Houston Chronicle

Beryl took only a tree, yet it feels like much more

- Leah Binkovitz STAFF COLUMNIST Leah Binkovitz is a senior editorial writer at the Houston Chronicle.

After hours of bending in the wind, the backyard tree came down with a crash. The whole thing had been ripped from its roots with one strong gust.

It was startling, and after surveying the damage briefly, I cried in the kitchen while my husband reassured me everything was OK. We were all OK. That’s what mattered. And it is.

But still I cried.

In the second time in as many months, a powerful storm rocked our Houston neighborho­od, toppling branches and trees and filling our ditches to the brim. This time it was Hurricane Beryl, which at its peak was the strongest to form so early in the Atlantic.

My husband is used to hurricanes and tropical storms. He grew up here and has lived through his fair share: Alicia, Allison, Rita, Ike.

During Alison, he was stranded on the freeway and spent the night in his Nissan Maxima by Magic Island. He remembers Hooters stayed open. He blames Rita for the loss of his grandfathe­r. He died that night when the old folks home lost power. When he looked at the forecast ahead of Harvey, I believed him when he said we should leave town.

So this was my first true hurricane in my 10 years in Houston. Just a Category 1, my husband said confidentl­y several times overnight as I fretted over the windows and the children.

Even still, there were fatalities. More tragedies that become part of the collective Houston lore each hurricane season.

Our memories full of our own traumas and heavy with our neighbors’ too. Overnight, I kept hearing the voice of a young single mother I interviewe­d after Harvey. How she awoke to find her floor replaced by a lake. How she crouched atop her kitchen counters in her Greenspoin­t apartment, clutching her baby as the water rose higher.

We lost a tree. That’s it. We are all OK, and that’s what matters.

Most of us can say the same. Some of us can’t.

The tree in our backyard was more than two stories tall. It had twisting sturdy branches and a small patch of green leaves that always seemed to spring back to life after winter before the rest of the yard.

A few months after we moved into the house with our 1-year old, my husband and father went to the store and bought a red and yellow Little Tykes swing. They hung it from the lowest branch using a metal chain.

Sometimes, I would glance outside to the backyard, a modest but lush bit of land behind our nearly 100-year-old Heights bungalow. There it was, this hearty tree that had seen many generation­s, ornamented with the plastic swing. How was this mine? I remember marveling to myself. The house, the kid, the family, the swing. The tree.

Life had changed quickly for me. I moved to Houston in 2014. Met my future husband that year and fell quickly in love. By spring we were planning a wedding and I was looking for dresses that could accommodat­e a four-month bump.

In some versions of such a story, these things happen as surprises, maybe even mistakes. In my version, it was luck that I had somehow fallen into a family. After years of tortured and tumultuous dating, tracing a line of heartache from city to city, I had found something easy, something simple here in Houston.

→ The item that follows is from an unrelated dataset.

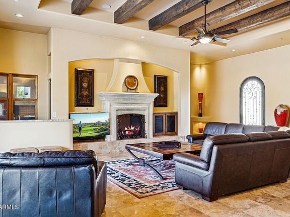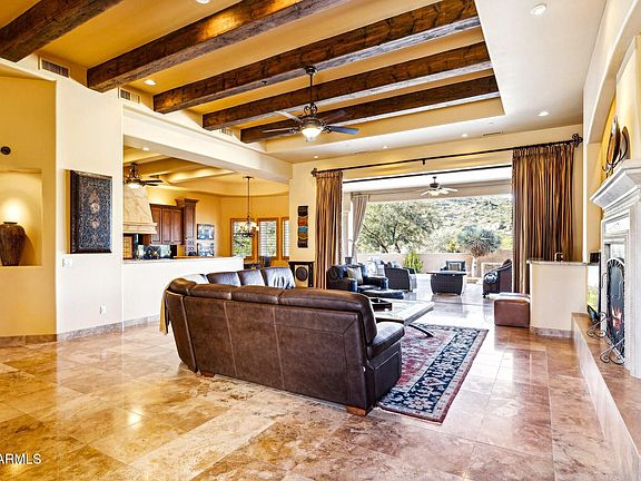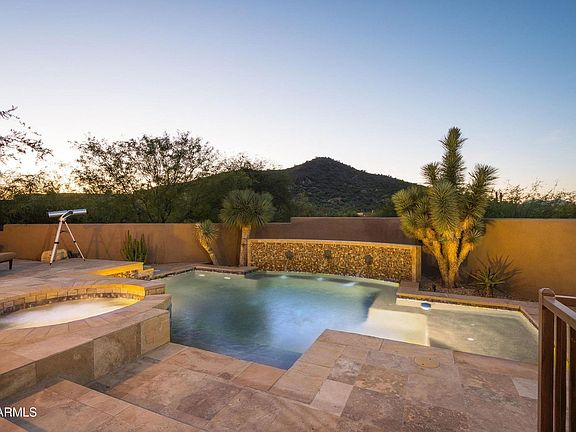 Where Mediterranean charm meets the soulful simplicity of Territorial architecture, this home delivers a warm, inviting style that feels both timeless and distinctly Southwestern. This home is nestled deep within North Scottsdale's premier, guard-hosted community of Sincuidados. Set on a private 1-acre lot, the home captures unobstructed views of Lone Mountain from a beautifully landscaped backyard. A spectacular 16' fully retractable glass wall at the great room dissolves the boundary between indoors and out, creating an effortless flow for upscale entertaining. As you enter through the iron and wood door at the front of the residence, a secluded 1190 sq. ft. courtyard enclosed by 12' walls offers a serene sanctuary where the sun, moon, and stars paint an ever-changing canvas above. The main house features a luxurious primary suite with a sitting area beside a two-sided fireplace that brings together an inviting retreat to shed the day's stress. There's an exceptionally large closet designed for the true clothes enthusiast. At the opposite end of the home, an in-law suite with its own private den provides an ideal second primary for multi-generational living or long-term guests.

That backyard tree was a testament to the sturdy sort of certainty I had stumbled into. The simple but supremely satisfying life that was suddenly mine.

There are photos and a video I rewatch with scenes of a giggling, big-cheeked child twirling round and round in the swing, clutching an Elmo and Grover doll. She is delirious with happiness over such a simple thing.

And every time I caught a glimpse of the swing in the backyard, usually while folding laundry — the never-ending laundry of a family that added another child and dog (with another on the way) — I would feel the same delirious joy bubble up inside. I would feel her smile on my cheeks, a grin almost painful to bear.

I worried the tree would have to go. At one point the neighbors who lived in one of those two-story rebuilds had to trim some of its limbs back. Then the forest in the unused alley behind our house was hacked down by another neighbor wanting access to their own constructi­on.

The lush canopy of green that once sheltered us had been dwindled down to just our lone backyard tree. Branches fell here and there, including several sizable ones in the May derecho. We’d need to get it inspected, I figured.

Now we just need to get it removed, leaving a hole in the backyard where my eyes will eventually rest as a I fold onesies and burp cloths.

We are all OK and that’s what matters, I’ll think. But every storm, I’ll hold my breath and hope we can say the same.